Two points to remember when rehabilitating a body part is:

1. If the patient walks in with a pain of 3 and during therapy the pain increases to 6, after 2 hrs the pain needs to go back to 3-4/10, if the high pain persists then the rehab was too aggressive

2. Also, if after the rehabilitation, the swelling increases in the joint, that is a sign of excessive aggressive rehab and needs to be tempered.

The other type of pain is Neuropathic pain. With this type of pain, regular analgesics does not work, but Amitriptyline, Gabapentin is helpful, Topical agents may or may not help. Note, this pain occurs due to nerve entrapment, and these medications help mitigate than just pain killers. Gabapentin is thought to work by affecting neurotransmitters in the brain, helping regulate anxiety and stress responses in the brain, by increasing levels that cause a calming effect, thus relaxing the nerves.

Stress management and the psychology of pain.

The behavior that an individual demonstrates in response to painful stimulus is an adaptive behavior that involves learning and memory.

These memories of pain may result in stress, which can add to the complex living situation, causing a cycle of pain leading to stress which influences and enhances the perception of pain.

Thus, biofeedback and management of stress, mindfulness training all go a long way in the management of pain and rehabilitating it.

How Therapy Helps Manage Pain: Understanding Postural and Muscle Imbalances

When you are dealing with pain, it is not just about the area that hurts—it is about how your whole body is reacting. In therapy, we go beyond just addressing the pain itself. We assess how the body’s neural tissues are responding, and that often means looking at things like postural changes, muscle imbalances, and dysfunctions.

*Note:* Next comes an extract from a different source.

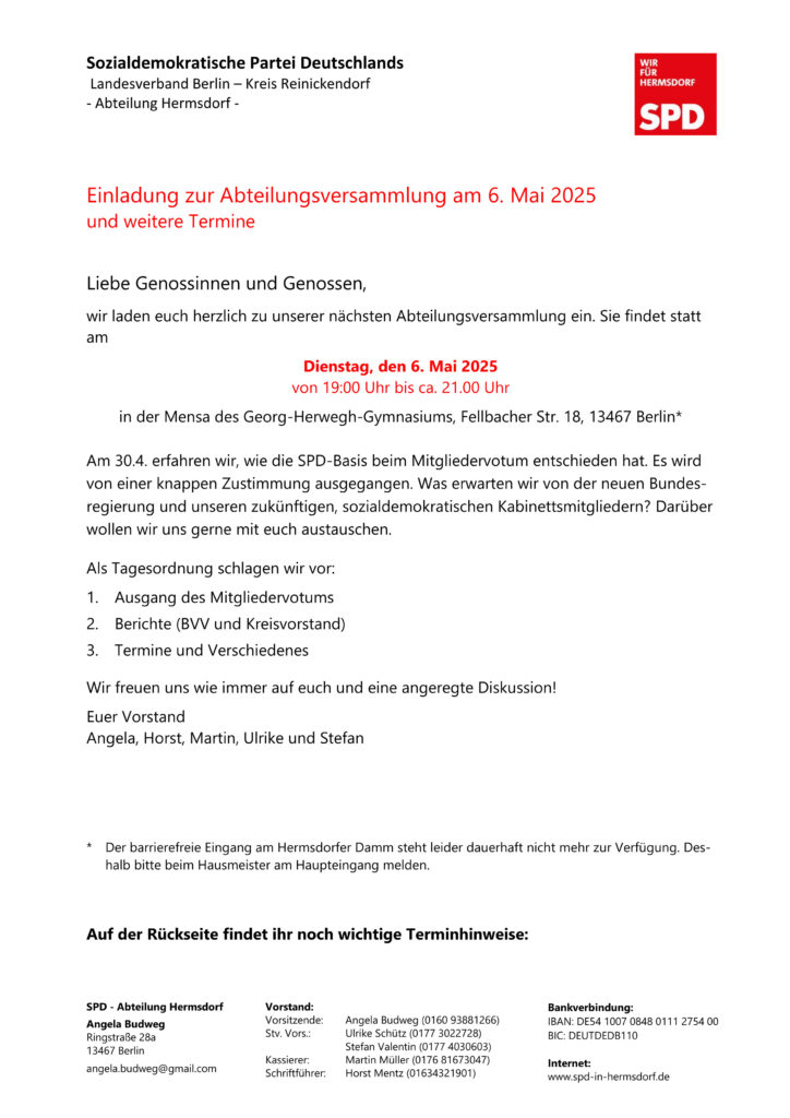 wir laden euch herzlich zu unserer nächsten Abteilungsversammlung ein. Sie findet statt am

For example, pain can cause your posture to shift in a way that puts more strain on other parts of your body, leading to further discomfort. These changes can be subtle, like a slight tilt in your shoulders or an arch in your back that you did not even notice. But over time, they can become a bigger problem. We also look at active and passive dysfunctions, which are essentially ways your muscles and joints aren’t working like they should. Trigger points—those tight, painful spots in muscles—are also a key focus, as they can cause a lot of discomfort.

Myofascial pain, which involves pain in the muscles and connective tissues, is another common culprit. But here is the thing—just treating the pain will not get you far if we do not address the underlying causes. That is why treatment is customized based on the assessment. Whether it is through stretching, strengthening, or manual therapy, the goal is to fix what’s causing the pain so that you can get back to living your best life, pain-free.

Remember

Severe pain if not managed in the early phase of the injury process may result in persistent pain and disability in the long run which will cause psychosocial problems. Thus, deal with pain head on to avoid long term problems.